It is known that tissues that have substantial amounts of the sugar transport mechanism-( glut-2) tend to concentrate glucose type molecules like 2 deoxyglucose and be more damaged by STZ eg. beta cells of the pancreas, liver and kidney cells. Once the STZ with 2-deoxyglucose bonded to the methylated nitrosourea gets into the beta cell, the STZ is split into 2 deoxy glucose and methylated nitrosourea (MNU). The MNU can generate the nitric oxide free radical which reacts with superoxide (.O2-) producing (OONO- or later its carbonate derivative) and MNU can methylate DNA bases, break both single stranded or double stranded DNA or even RNA, activate poly-ADP-ribose polymerase (PARP) depleting NADH and ATP killing mitochondria and cells dependent on it- and causing nitration, nitrosylation and nitrosation of key proteins and damaging their important enzymatic activity [6]. In a recent JBC paper Andersson et al., it was suggested that STZ could directly generate peroxynitrite [7]. Their evidence was that when STZ and tyrosine reacted- that di-tyrosine was produced.
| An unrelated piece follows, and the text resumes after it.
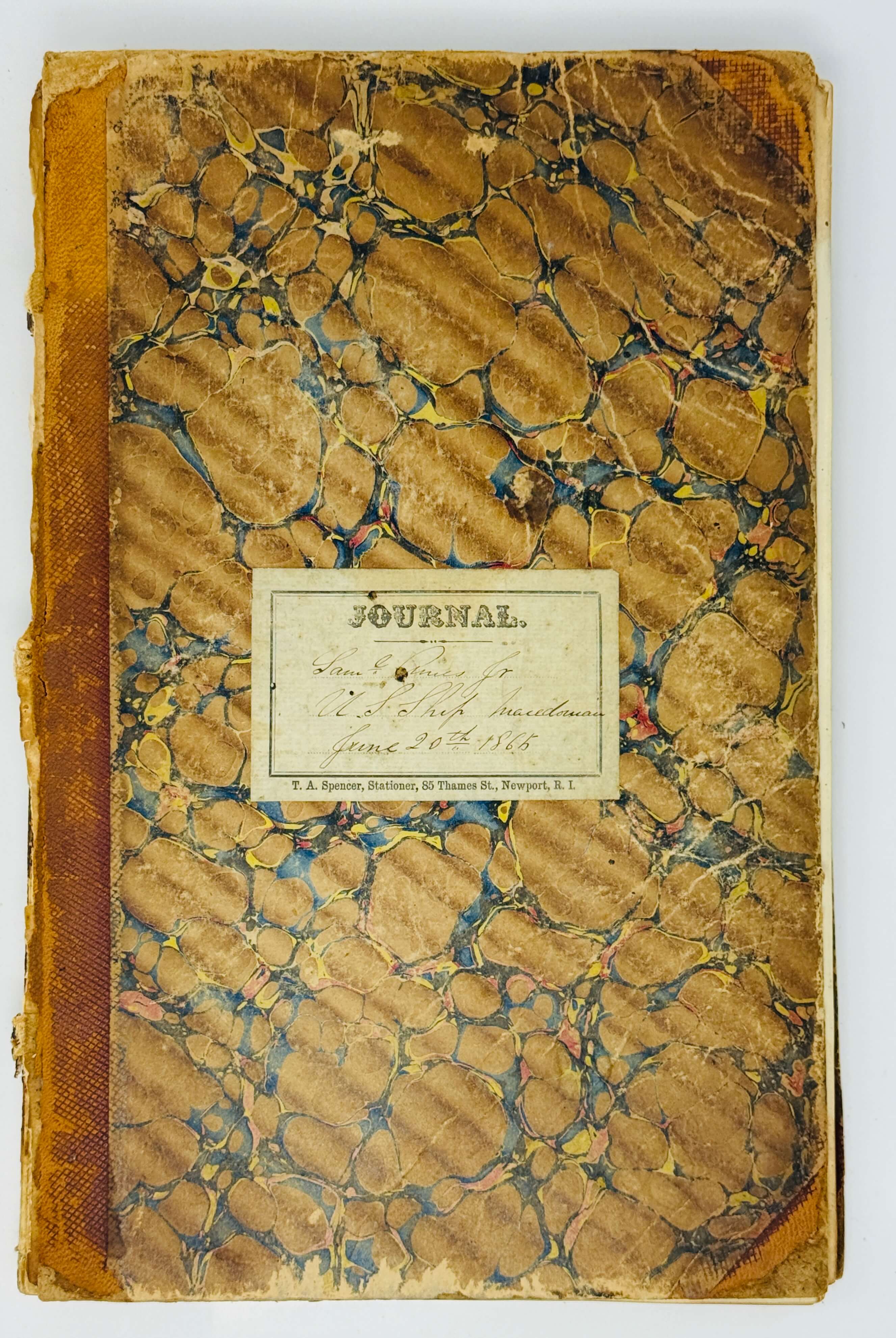 Folio logbook (ca. 33,5x21 cm or 13 ¼ x 8 ¼ in). Ca. 92 leaves with printed forms completed in hand, filled in on recto and verso; in all ca. 180 pp of text; with ca. 36 blank leaves at the rear. Brown ink on lined paper. Original light brown quarter sheep journal with marbled papered boards; front cover with an original printed label “Journal” and manuscript text “Saml. Ames Jr., U.S. Ship Macedonian, June 20th, 1865;” the compiler’s handwritten name (“Saml. Ames Jr.”) on one of the first blank leaves. Binding rubbed on extremities, from cover detached from the stub, ink of the text slightly faded, but overall a very good, internally clean journal with legible text.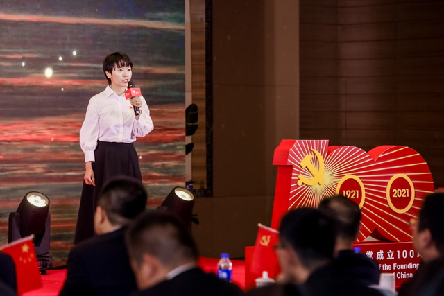 ▲象嶼張家港黨支部書記、總經(jīng)理郭真晶帶來宣講《遇見象嶼,遇見一切可能》

This is only evidence that free radicals are produced- which we already knew, since STZ can clearly generate the nitric oxide radical as was both indicated from our previous studies and studies by others Tsuji and Sakurai [3,5,8].
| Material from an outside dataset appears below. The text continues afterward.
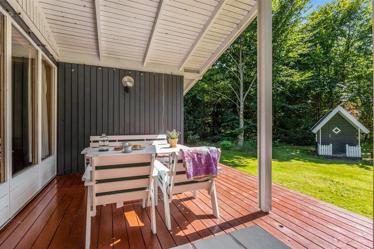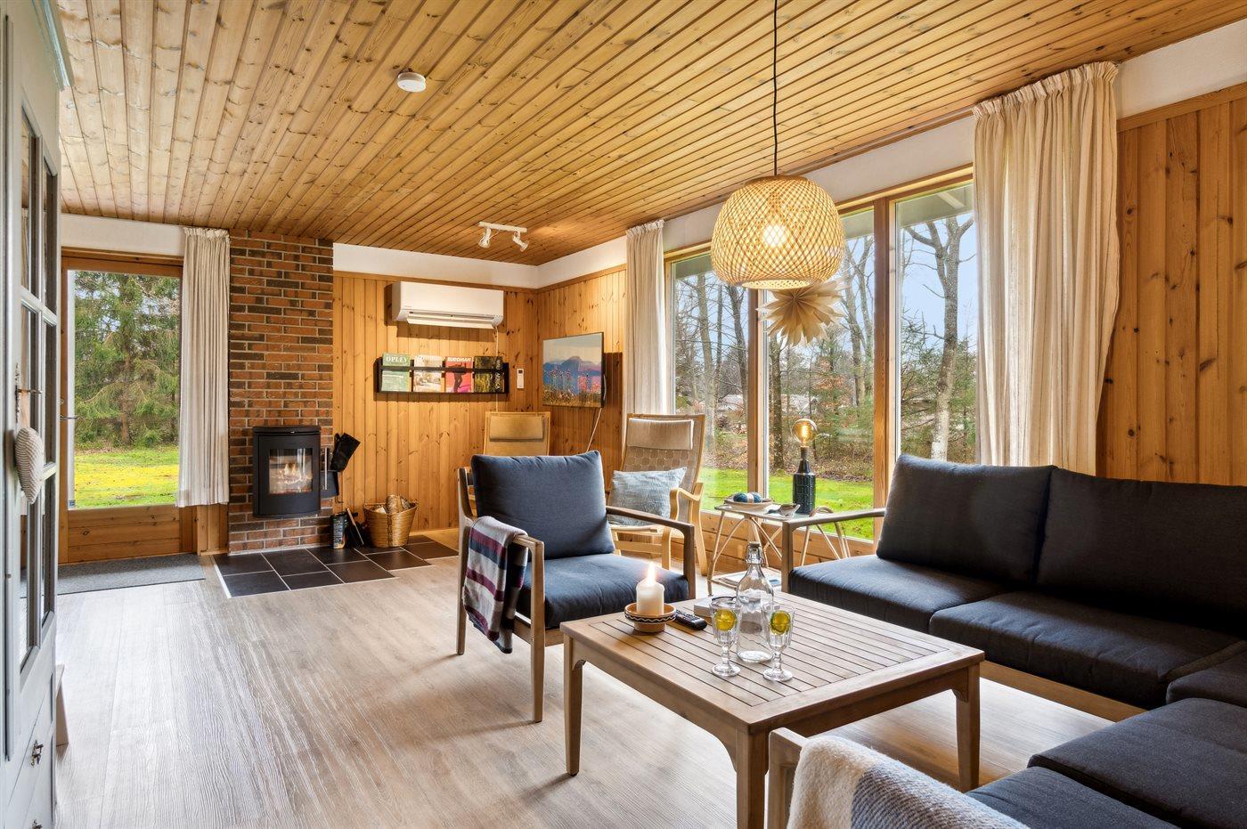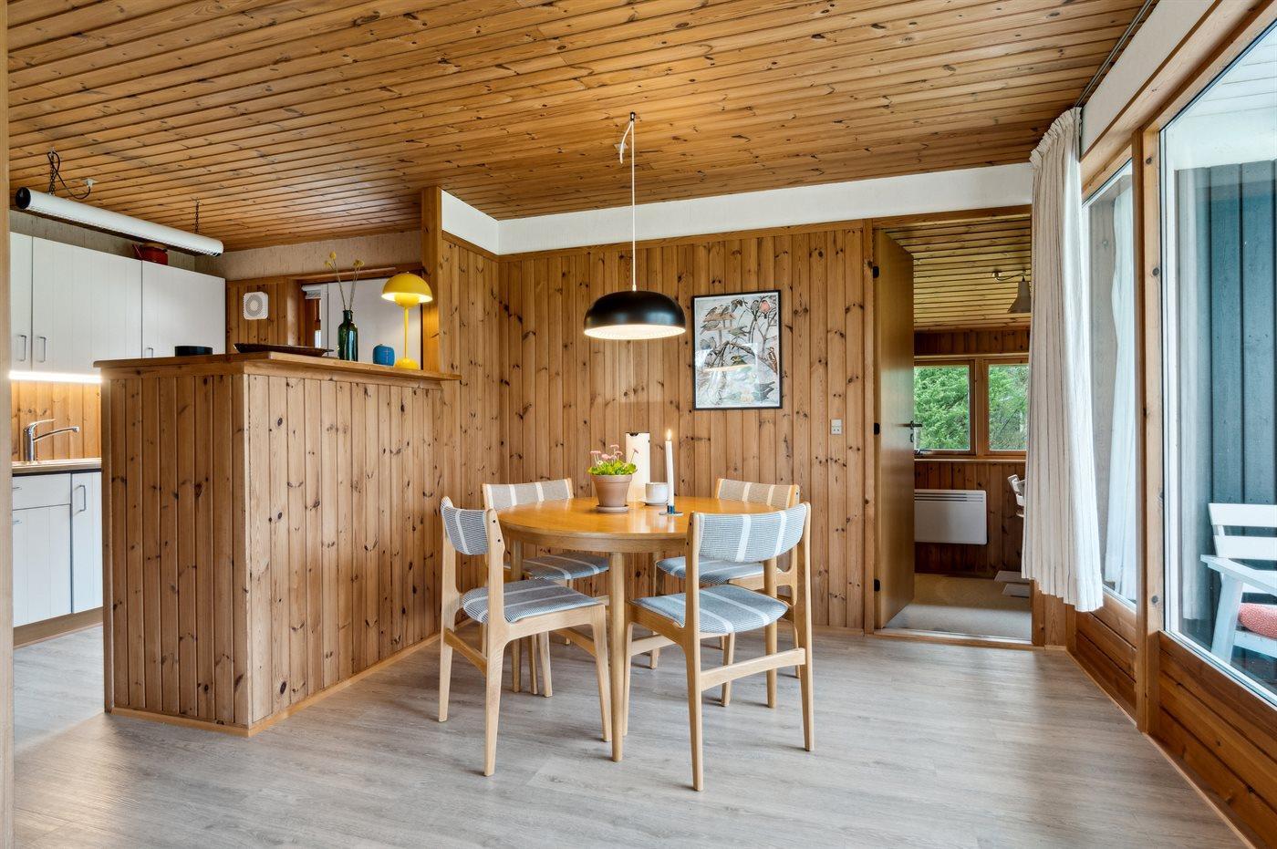 De vakantiewoning is gelegen op een 2643 m² groot natuural grond. Afstand tot de zee 700 m. Afstand tot de fjord 175 m. Dichtstbijzijnde winkel 3500 m. Bij de vakantiewoning hoort terras. Daarnaast is er een overdekt terras. Speelhuisje. Voetbaldoel. Barbecue. Parkeerplaats bij het huis.

Furthermore, a similar set of diabetic conditions of impaired glucose utilization by Chen and Zhong and insulin resistance occurs in early Alzheimer’s disease [9]. This can be identified in humans using PET scanning via injection into the body of 18-fluorodeoxyglucose (FDG), a sugar which is transported into brain like glucose but whose metabolism stops after being phosphorylated, thus since this radioactive remnant remains long enough to produce superb PET scans [10]. The pattern of glucose utilization is depressed in early-stage dementia or pre-Alzheimer’s disease (AD) compared to people without disease. This is almost certainly an early marker of the AD before significant loss of neurons and/or memory occurs. When streptozotocin is intra-articulary injected into mouse brain, glucose utilization in the mouse brain is depressed and insulin resistance occurs similar to when STZ is injected into rodents peripherally damaging Beta cells causing diabetes [11,12]. Further, after a few months, neurons in the brain die, and plaques and tangles occur with marked dementia developing. This is clearly the best model of Alzheimer’s disease ever developed! Many investigators have clearly demonstrated that STZ injection into the brain is a superior method compared to the gene defect models in mice which do not demonstrate many of the complete characteristics of human Alzheimer’s disease. It should not be too surprising that some investigators have termed Alzheimer’s disease as diabetes 3 because of its similarity to diabetes [9]. Many investigators have switched to this STZ –ALZ based superior standard mouse model to study possible inhibitors of the disease Kimura and Lecanu and Papadopoulous [13,14].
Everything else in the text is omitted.